Als die PalästinenserInnen den Friedensplan ablehnten, war der Aufschrei groß. Nicht einmal Barak gehe ihnen weit genug. Dabei erreiche er einen Punkt, an dem zuvor nur Israels kleine radikale Linke zu orten war. Er wusste keinesfalls die Mehrheit der Bevölkerung hinter sich.

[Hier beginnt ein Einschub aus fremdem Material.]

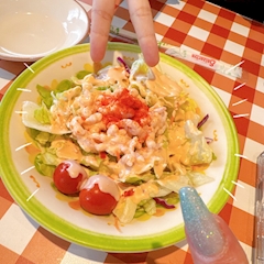 やぽ 久しぶりに サイゼリヤ来たー🥳 小エビのサラダ 美味しいよね♡ ( ˙˘˙)੭バッバイ 🌸本日出勤🌸
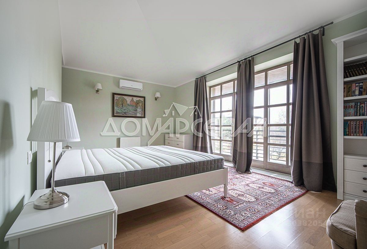 Просторный современный коттедж из кирпича с качественным ремонтом в клубного поселка премиум класса. Дом полностью меблирован и готов к проживанию. В доме 4 спальни, прихожая, лестничный холл, кухня (20.77 кв.м), роскошная гостиная-столовая со вторым светом с камином и панорамным остеклением, большая общая зона с балконом-галереей, библиотека.

Die israelische Linke fühlte sich von der Gegenseite regelrecht verraten und zerfiel innerhalb weniger Monate. Für sie bewies die Ablehnung, dass es den PalästinenserInnen nicht um eine Kompromisslösung gehe, sondern dass sie die Existenz Israels revidieren wollten. Alles andere sei nur Taktik. Oder wie es der Chefkommentator der linksliberalen israelischen Tageszeitung Ha'aretz formulierte: »Der wirkliche Disput ist nämlich, ob Arafat bei seinen Unternehmungen auf eine Versöhnung zwischen den Völkern zielt , während, den Palästinensern nach, der Krieg gegen Israel und das gesamte jüdische Volk zur Diskussion steht.«
Jetzt also ging es wieder zu wie in alten Zeiten, als der Staat jung war und die Bevölkerung klein und schlecht gerüstet. Es ging um die nackte Existenz des jüdischen Staates. Damit war der Weg frei für eine Rückkehr in die Nestwärme einer Konsensgesellschaft, die ihres Weges sicher ist und jede Situation, auch Bomben und Tote, meistern kann - mit der Kraft, die jene Gewissheit mit sich bringt, keinen anderen Ausweg, keine Alternative parat zu haben.
Das Problem auf der palästinensischen Seite liegt weniger an ihren Positionen als an ihrer Schwäche. Dadurch ist der Spielraum ihrer Führung gering, die Konsequenz ist eine zunehmende Radikalisierung der Straße. Das öffnet den Radikalen die Möglichkeit, Einfluss zu gewinnen. Damit sind Taten auf der Tagesordnung, die eine mögliche Lösung noch weiter verzögern, wenn nicht ganz unmöglich machen können. Bleierne Zeiten.
Tsafrir Cohen arbeitet als Journalist für hebräische und deutschsprachige Medien. Den Text entnahmen wir gekürzt den subtropen Nr. 13 vom Mai 2002.